山陰は夏も冬も湿度が高いので、乾きは思ったよりゆっくりです。「乾いていないのにあげる」を繰り返すと根が傷みやすいので、指を土に差し込んで湿り具合を確かめてから判断すると失敗が減ります。
冬は生育がほぼ止まるので、水やりの回数もぐっと減らして乾かし気味に管理します。寒い時期の水のやりすぎは根腐れの最大の原因なので、迷ったら「もう少し待つ」くらいでちょうどいいです。空気の乾燥が気になる暖房シーズンは、葉水で葉の表面を湿らせてあげると生き生きします。
つまずきポイント:シルバーの斑がぼやける・葉が小さいまま
スキンダプサスでいちばん相談が多いのが、「買ったときより斑が地味になった」「新しい葉が小さい」というものです。
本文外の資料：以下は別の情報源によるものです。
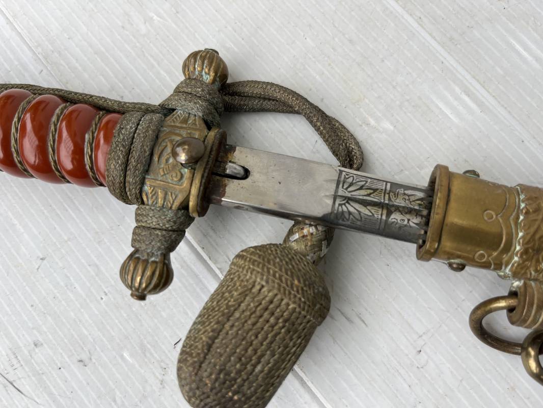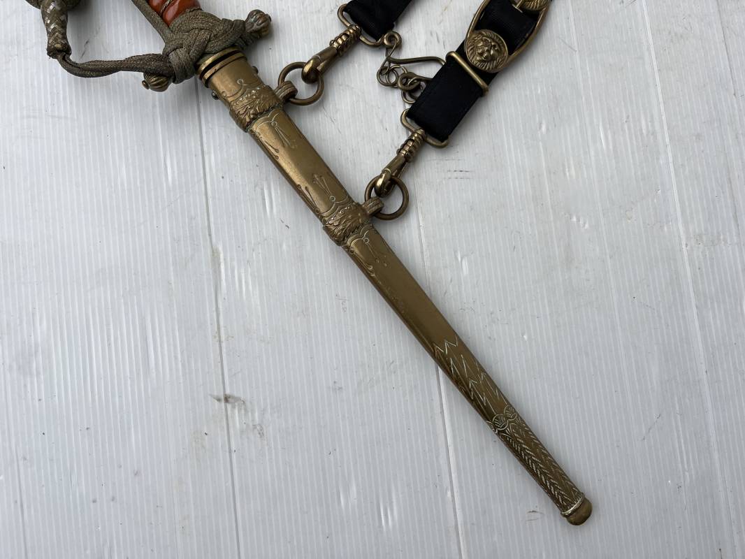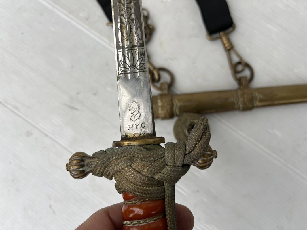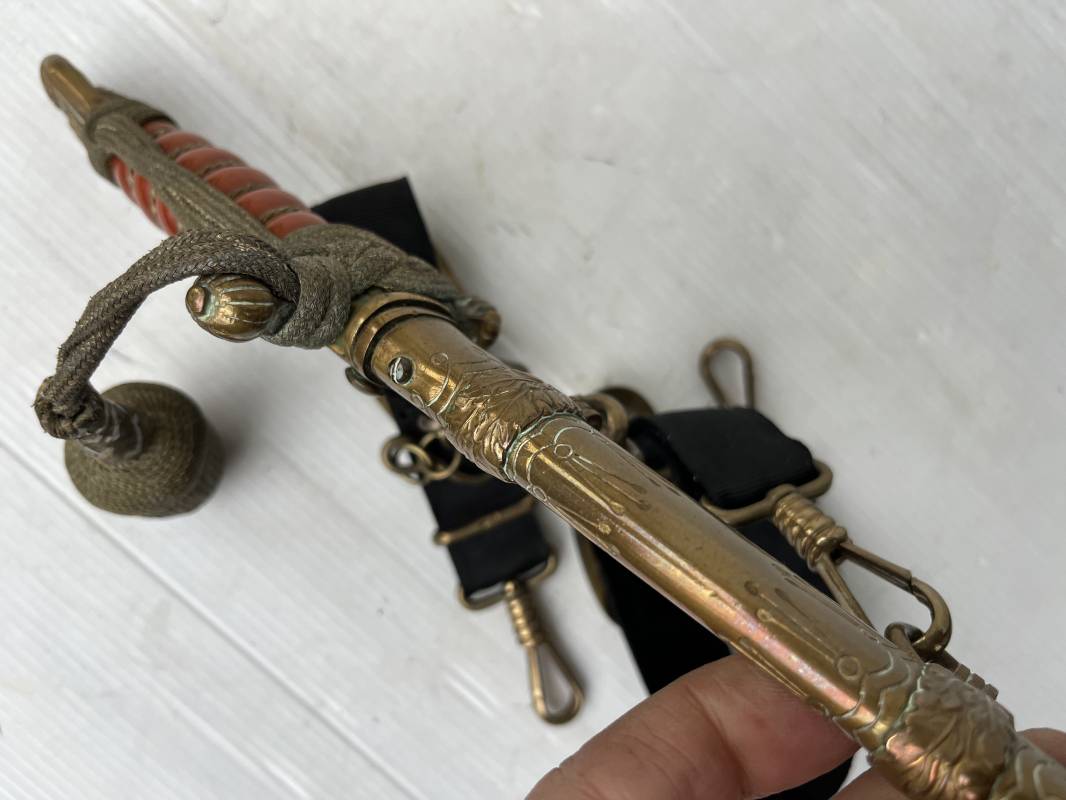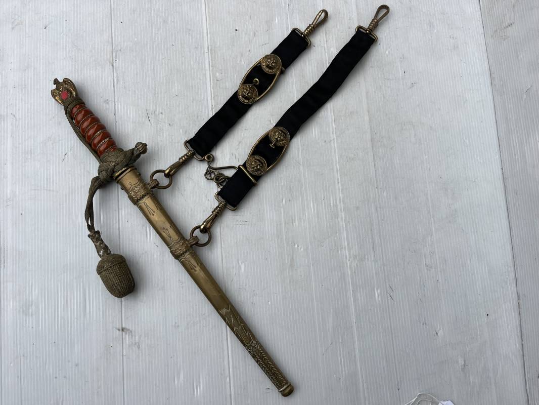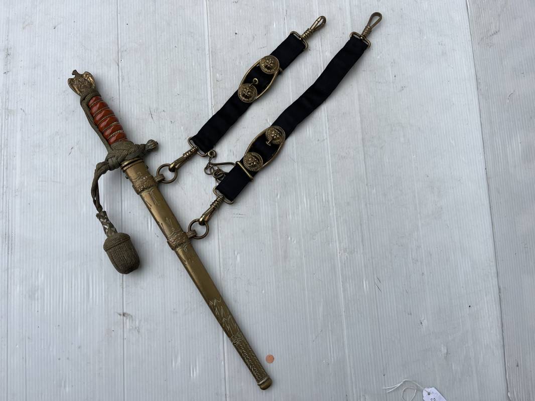 Trés belle dague modèle 1938 d'un officier de la Kriesgmarine avec dragonne et bélières . Fabricant WKC à Solingen . Marquage sur lame du célèbre fabricant . Poignée orangée , filigrane en métal doré . Pommeau avec aigle KM. Garde stylisée avec ancre. Petit bouton poussoir . Belle lame gravée double faces. Motifs à 'ancres et dauphins' . Fourreau en métal doré. Motifs 'éclairs'. Deux anneaux de fixation pour bélières . Fourreau sans choc. Belle dorure d'origine sur l'ensemble de la dague. Dragonne et gland en fil d'aluminium doré . Bélières modéle 1938 en coton satiné noir , revers en velours noir . Modéle dit ' lourd' avec boucleries en métal doré . Crochets à ressorts . Chainette et crochet de fixation dite haute . Bel ensemble légèrement utilisé en parfait état. Très belle dague d'un officier de la Kriegsmarine 1939/45. Ref 21930

これはたいてい光不足が原因です。
シルバーの斑をきれいに出したいなら、焼けない範囲でできるだけ明るい場所に置くのがコツです。逆に暗い場所に長く置くと、葉と葉の間隔が空いてつるだけ伸び、斑も薄くぼんやりしてきます。
もし徒長してしまったら、思いきってつるを切り戻してください。切った先はコップの水に挿しておくと根が出やすく、増やすのも簡単です。切り戻すことで、株元から新しいしっかりした芽が出てくることが多いです。
また、下葉がパリッと茶色くなるのは乾きすぎや根詰まり、葉先が黒くジュクッとなるのは水のやりすぎのサインであることが多いです。症状を見ながら水やりのペースを調整してみてください。
品種による違い
スキンダプサスにはいくつかタイプがあり、流通名もさまざまです。銀斑が細かく散る「ピクタス」系、大きめの葉にはっきりしたシルバーが乗る「エクソチカ」、全体がシルバーがかった「アルギレウス」などがよく見られます。
葉の大きさや斑の入り方に違いはありますが、育て方はどれもほぼ同じと考えて大丈夫です。明るい日陰、乾いてから水やり、冬は室内で乾かし気味。この基本を押さえておけば、どのタイプでも無理なく付き合えます。
植え替えと肥料
根が回って水はけが悪くなってきたら、春から初夏の暖かい時期に一回り大きな鉢へ植え替えます。1〜2年に一度が目安です。土は市販の観葉植物用の水はけのよいもので十分です。
肥料は生育期の春から秋に、緩効性のものを少なめに置くか、薄めた液肥をときどき与える程度で足ります。寒い時期は生育が止まるので肥料は控えます。おだやかに育つ植物なので、あげすぎないほうがきれいにまとまります。